DATA SHOWN:
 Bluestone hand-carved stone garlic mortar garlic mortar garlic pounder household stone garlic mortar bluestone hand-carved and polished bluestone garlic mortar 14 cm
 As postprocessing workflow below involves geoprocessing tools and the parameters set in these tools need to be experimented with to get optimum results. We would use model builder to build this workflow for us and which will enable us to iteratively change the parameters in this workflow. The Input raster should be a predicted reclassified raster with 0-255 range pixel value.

==

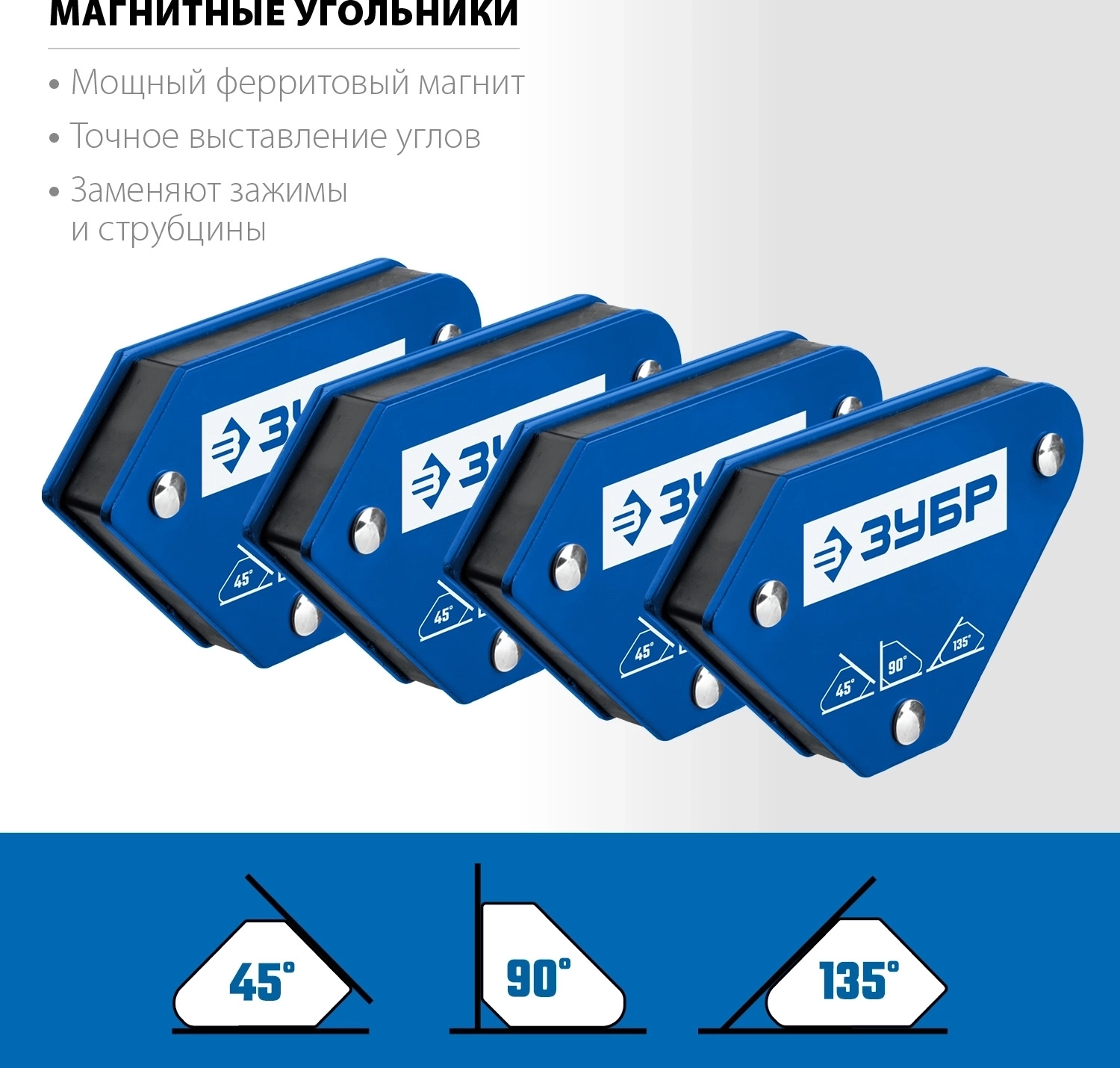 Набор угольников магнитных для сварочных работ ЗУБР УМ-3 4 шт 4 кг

BRIEF:
Look back at the entries above and repeat, unchanged, every line from the line holding "Bluestone hand-carved stone" through the line holding "As postprocessing workflow".

ANSWER SPACE:
 Bluestone hand-carved stone garlic mortar garlic mortar garlic pounder household stone garlic mortar bluestone hand-carved and polished bluestone garlic mortar 14 cm
 As postprocessing workflow below involves geoprocessing tools and the parameters set in these tools need to be experimented with to get optimum results. We would use model builder to build this workflow for us and which will enable us to iteratively change the parameters in this workflow. The Input raster should be a predicted reclassified raster with 0-255 range pixel value.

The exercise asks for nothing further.